GithubHelp home page GithubHelp logo

Comments (14)

JacopoPan avatar JacopoPan commented on July 19, 2024 1

Do I just run "python learn.py" with action type as rpm?

yes

Do I need to set up a new action that does not control yaw?

no, the action will be a vector of size 4 with the desired RPMs (in fact a plus/minus 5% centered in the hover RPMs) of each motor

Do I also need to change the reward settings?

What is mainly different in the current HoverAviary is that the reward is always positive (instead of including negative penalties), it is only based on position (the result above also included a reward component based on the velocity) and the environment does not early terminate if the quadrotor flips or flies out of bound.
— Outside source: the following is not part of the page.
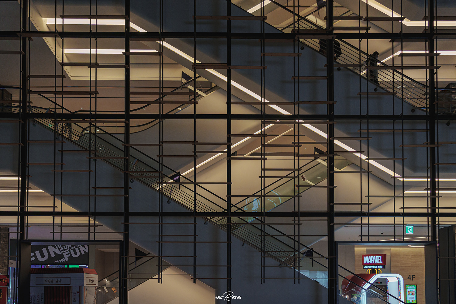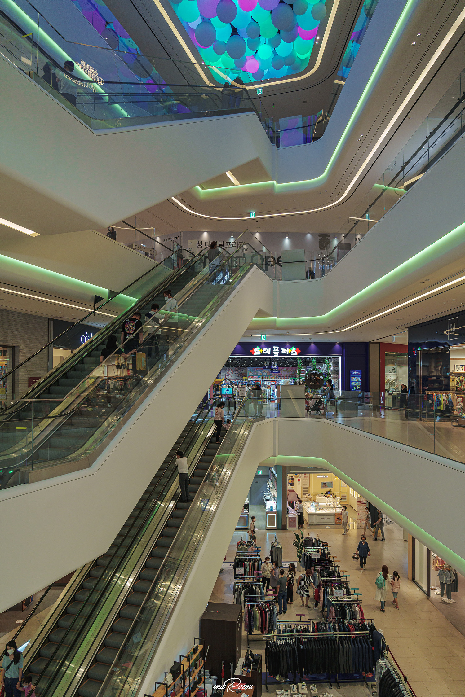 부천가볼만한곳중 하나인 부천 스타필드시티의 분위기는 전체적으로 이러하다. 뭐랄까 에스컬레이터가 정돈된 느낌이 아니라, 백화점 한가운데에 말뚝처럼 박혀있어서 좀 갑갑한 느낌이라고 해야 하나? 아무튼, 개인적으로 필자는 이렇게 중구난방한 곡선 건축양식을 선호하지 않는다. 사진찍기도 힘들고 정돈하기도 힘듦.

It might be necessary to reintroduce some of those details.

from gym-pybullet-drones.

JacopoPan avatar JacopoPan commented on July 19, 2024 1

Hi @paehal

I added back the truncation condition and trained this in ~10' (this is the current code in main)

RL.mp4

from gym-pybullet-drones.

JacopoPan avatar JacopoPan commented on July 19, 2024 1

The current version of script gym_pybullet_drones/examples/learn.py does include re-loading the model and rendering it's performance, you should be able do what you desire by modifying it (I would guess your error arises from not having initialized a PPO model with the target environment before loading the trained model but I haven't encountered it myself).

from gym-pybullet-drones.

JacopoPan avatar JacopoPan commented on July 19, 2024 1

The sim/pybullet frequency is the actual physics integration frequency, yes.

The idea of the action buffer is that the policy might be better guided by knowing what the controller had done just before, the proportionality to the control frequency makes it dependent on the wall-clock only, and not the type of controller (but it might be appropriate to change that, depending on application).
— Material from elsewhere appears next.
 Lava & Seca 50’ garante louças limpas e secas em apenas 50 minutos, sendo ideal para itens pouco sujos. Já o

For custom SB3 policies, I can only refer you to the relative documentation https://stable-baselines3.readthedocs.io/en/master/guide/custom_policy.html

I used different critic/actor network sizes in past SB3 versions but the current focus of this repo is having very few dependencies and compatibility with the simplest/most stock versions of them.

from gym-pybullet-drones.

JacopoPan avatar JacopoPan commented on July 19, 2024

Hi @paehal , I trained stable-baseline3 PPO to do hover with just RPMs (in the plus/minus 5% range of the hover value) back in 2020 without yaw control (as it wasn't penalized in the reward). I agree it's a more difficult RL problem and that's why the base RL aviary class includes simplified actions spaces for the 1D and the velocity control cases.
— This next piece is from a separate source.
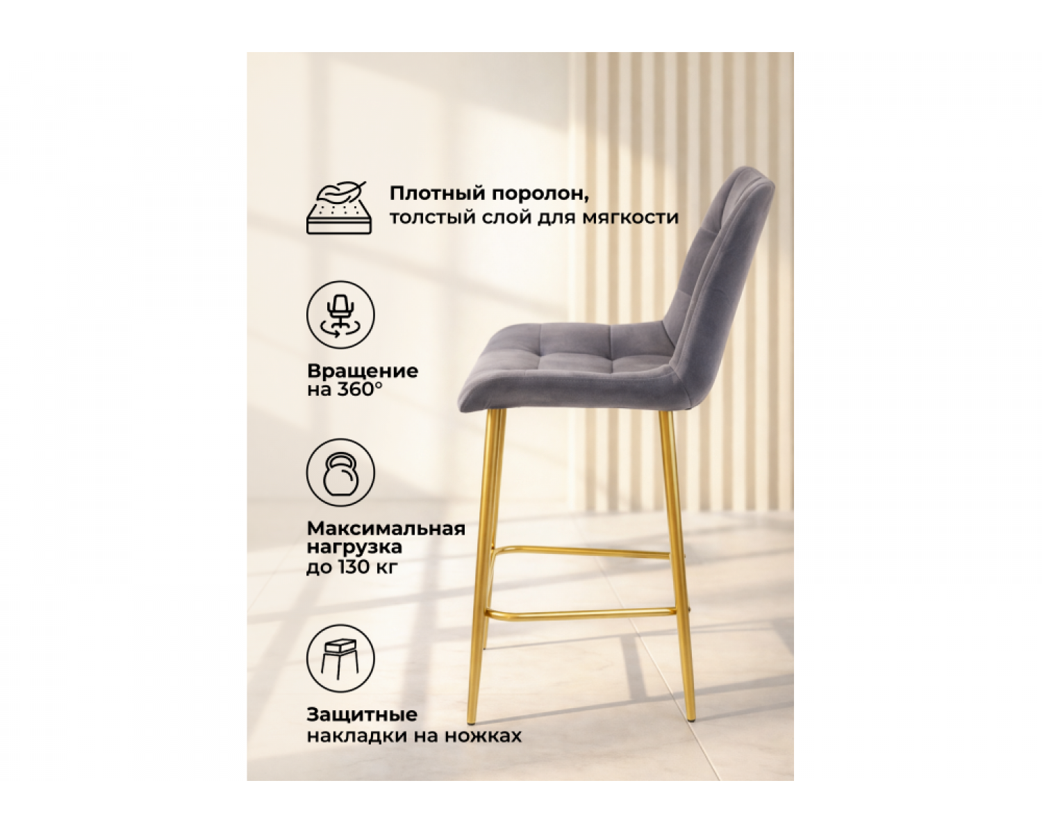 Полубарный стул Челси 360 темно-серый (zd 995) / золотой идеально впишется в любой интерьер, украшая повседневную жизнь. Уникальный дизайн и трендовый цвет создаст ощущение уюта и тепла в любом помещении.

video-10.28.2020_09.45.37.mp4

This was a 4 layer architecture [256, 256, 256, 128, 2 shared 2 separate for qf and pol], with a 12 vector input [position, ori, vel, ang_vel] to 4 motor velocities (in the +-5% RPMs around the hover RPMs) after 8 hours and ~5M time steps (48Hz ctrl).

from gym-pybullet-drones.

paehal avatar paehal commented on July 19, 2024

@JacopoPan

Thanks for the reply and sharing the video. Glad to hear that rpm control has been stable in the past.

I would like to do a study under the same conditions as yours in the latest repository, is that possible?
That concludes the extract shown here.